(Stored data)
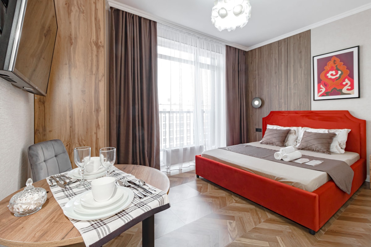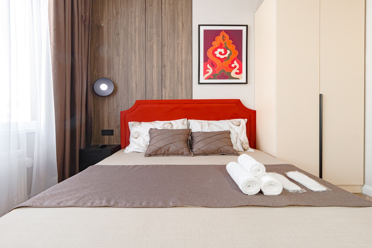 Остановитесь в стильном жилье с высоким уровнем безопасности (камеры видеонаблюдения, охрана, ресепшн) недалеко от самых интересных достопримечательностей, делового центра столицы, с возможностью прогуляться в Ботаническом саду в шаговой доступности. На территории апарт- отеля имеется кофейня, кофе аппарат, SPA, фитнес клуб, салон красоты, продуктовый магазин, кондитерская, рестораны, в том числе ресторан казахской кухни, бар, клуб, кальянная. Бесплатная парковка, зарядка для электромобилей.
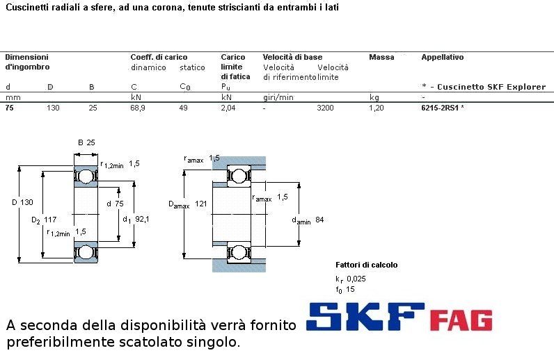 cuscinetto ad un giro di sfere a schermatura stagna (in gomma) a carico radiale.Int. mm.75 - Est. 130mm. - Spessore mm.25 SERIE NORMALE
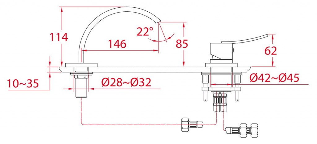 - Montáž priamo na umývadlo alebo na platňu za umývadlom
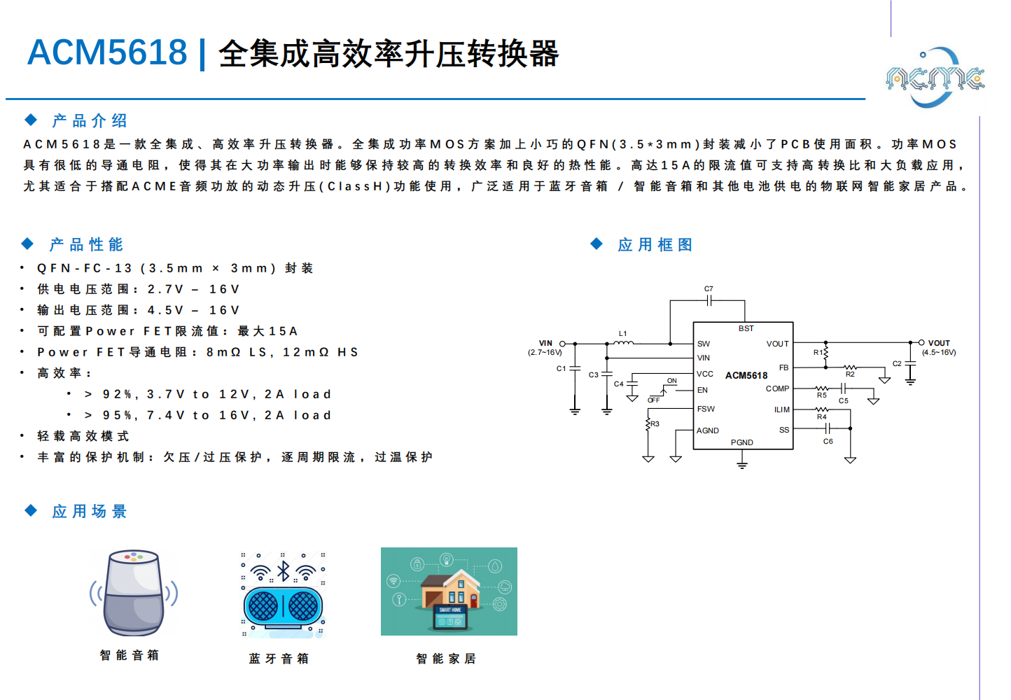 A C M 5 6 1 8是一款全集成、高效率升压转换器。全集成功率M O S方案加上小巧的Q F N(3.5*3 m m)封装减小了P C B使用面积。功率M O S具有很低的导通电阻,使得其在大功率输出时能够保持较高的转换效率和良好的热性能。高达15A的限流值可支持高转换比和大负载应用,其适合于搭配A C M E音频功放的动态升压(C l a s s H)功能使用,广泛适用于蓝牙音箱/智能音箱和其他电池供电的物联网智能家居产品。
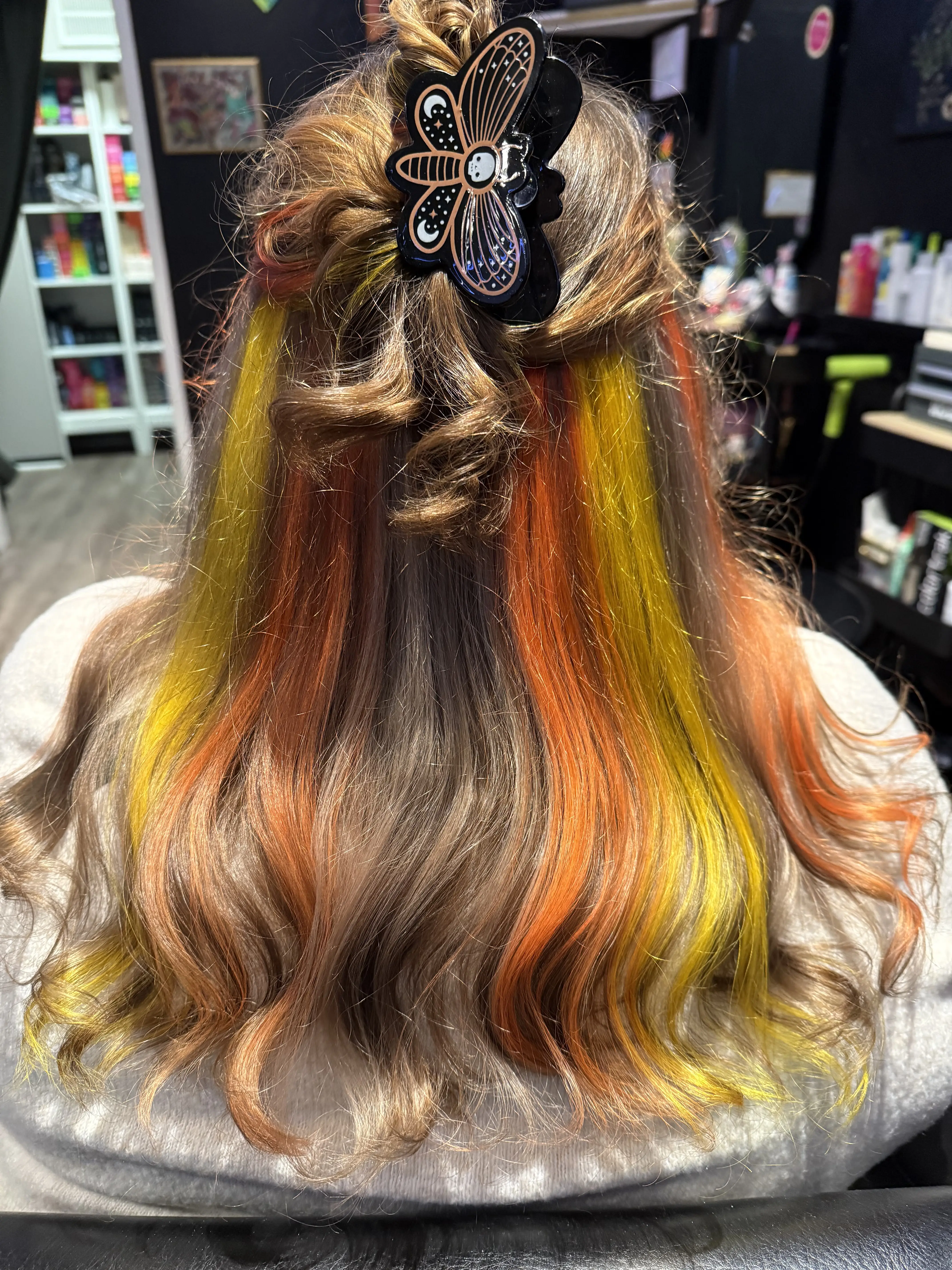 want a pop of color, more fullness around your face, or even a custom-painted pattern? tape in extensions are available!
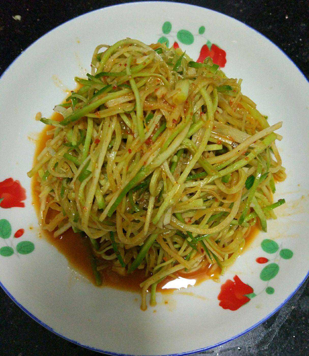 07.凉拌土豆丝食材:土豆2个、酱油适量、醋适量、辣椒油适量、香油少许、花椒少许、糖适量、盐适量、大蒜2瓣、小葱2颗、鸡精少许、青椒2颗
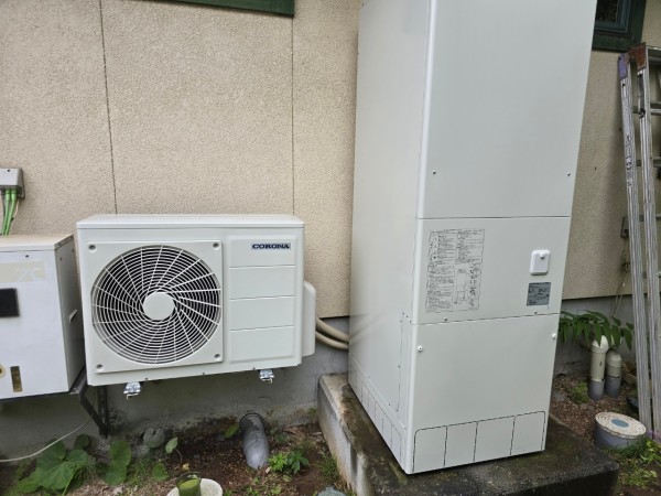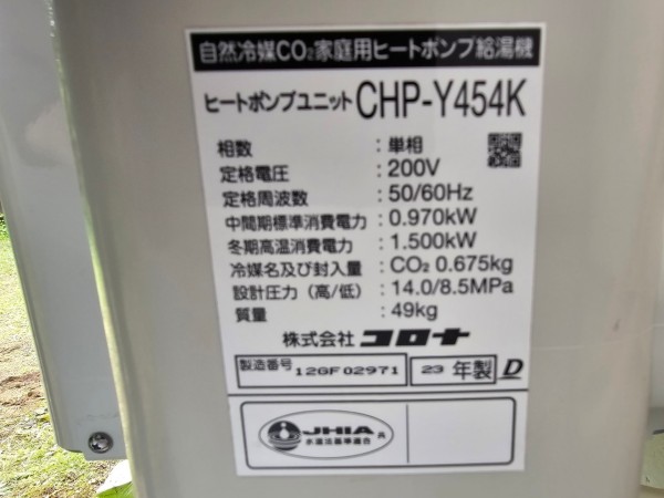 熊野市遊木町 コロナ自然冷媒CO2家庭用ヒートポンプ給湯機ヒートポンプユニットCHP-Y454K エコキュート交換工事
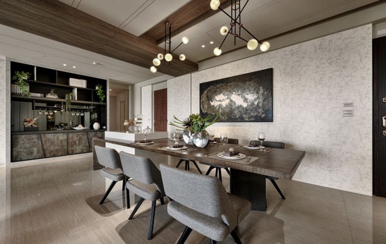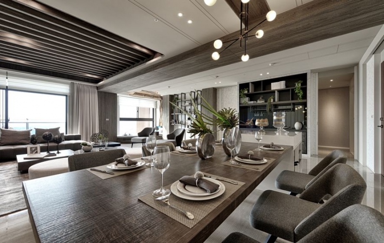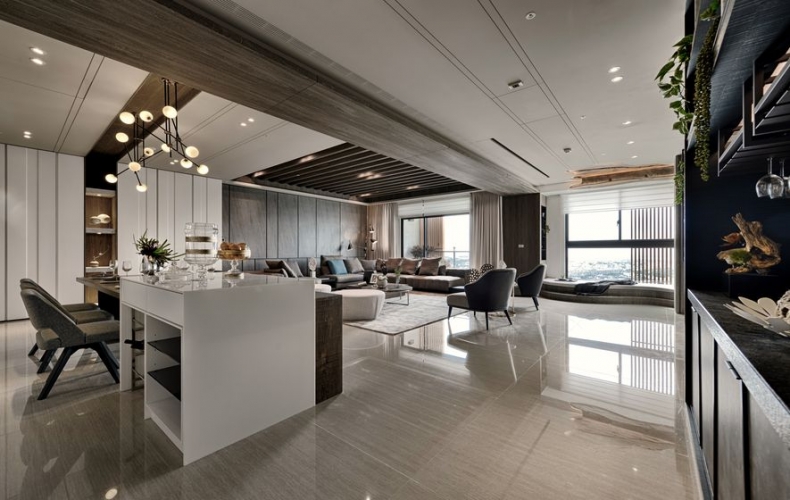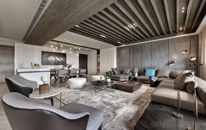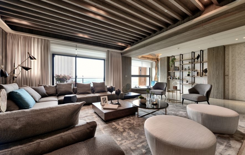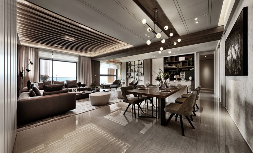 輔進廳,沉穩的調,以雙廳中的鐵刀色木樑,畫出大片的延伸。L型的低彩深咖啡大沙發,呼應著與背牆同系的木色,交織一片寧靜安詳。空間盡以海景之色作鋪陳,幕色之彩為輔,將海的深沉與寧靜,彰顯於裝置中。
==
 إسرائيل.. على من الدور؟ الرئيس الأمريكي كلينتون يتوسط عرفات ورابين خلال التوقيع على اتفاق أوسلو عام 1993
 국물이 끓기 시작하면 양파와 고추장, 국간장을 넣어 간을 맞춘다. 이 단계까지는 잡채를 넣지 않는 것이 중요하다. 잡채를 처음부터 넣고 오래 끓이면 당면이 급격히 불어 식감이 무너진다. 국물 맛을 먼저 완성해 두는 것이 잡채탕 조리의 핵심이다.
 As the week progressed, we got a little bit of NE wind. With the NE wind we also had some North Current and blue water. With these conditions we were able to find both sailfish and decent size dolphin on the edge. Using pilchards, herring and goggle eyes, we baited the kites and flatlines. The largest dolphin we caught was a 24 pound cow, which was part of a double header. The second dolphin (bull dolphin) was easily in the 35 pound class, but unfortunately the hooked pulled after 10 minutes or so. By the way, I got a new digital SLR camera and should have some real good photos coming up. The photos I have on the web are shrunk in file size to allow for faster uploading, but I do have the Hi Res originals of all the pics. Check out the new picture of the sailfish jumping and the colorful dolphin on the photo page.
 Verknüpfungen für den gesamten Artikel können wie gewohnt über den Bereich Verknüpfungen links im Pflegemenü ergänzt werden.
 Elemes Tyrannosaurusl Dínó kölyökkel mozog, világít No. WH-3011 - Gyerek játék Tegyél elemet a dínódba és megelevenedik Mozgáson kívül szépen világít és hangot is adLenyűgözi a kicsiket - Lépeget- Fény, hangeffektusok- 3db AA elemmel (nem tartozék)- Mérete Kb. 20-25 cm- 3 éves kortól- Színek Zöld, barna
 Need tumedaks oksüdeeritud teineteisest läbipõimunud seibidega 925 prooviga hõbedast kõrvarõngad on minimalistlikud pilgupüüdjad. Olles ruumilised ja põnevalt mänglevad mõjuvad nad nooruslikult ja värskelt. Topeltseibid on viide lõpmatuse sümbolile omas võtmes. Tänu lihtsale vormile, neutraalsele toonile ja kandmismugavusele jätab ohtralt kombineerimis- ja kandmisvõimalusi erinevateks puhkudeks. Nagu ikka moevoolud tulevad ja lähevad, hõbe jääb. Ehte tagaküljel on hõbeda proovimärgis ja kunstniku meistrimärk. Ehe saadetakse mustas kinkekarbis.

What to do:
An exact copy is needed of the entries above, starting at the line that holds "熊野市遊木町 コロナ自然冷媒CO2家庭用ヒートポンプ給湯機ヒートポンプユニットCHP-Y454K エコキュート交換工事" and stopping at the line that holds "輔進廳,沉穩的調,以雙廳中的", both kept; pictures stay out.

Result of the task:
 熊野市遊木町 コロナ自然冷媒CO2家庭用ヒートポンプ給湯機ヒートポンプユニットCHP-Y454K エコキュート交換工事
 輔進廳,沉穩的調,以雙廳中的鐵刀色木樑,畫出大片的延伸。L型的低彩深咖啡大沙發,呼應著與背牆同系的木色,交織一片寧靜安詳。空間盡以海景之色作鋪陳,幕色之彩為輔,將海的深沉與寧靜,彰顯於裝置中。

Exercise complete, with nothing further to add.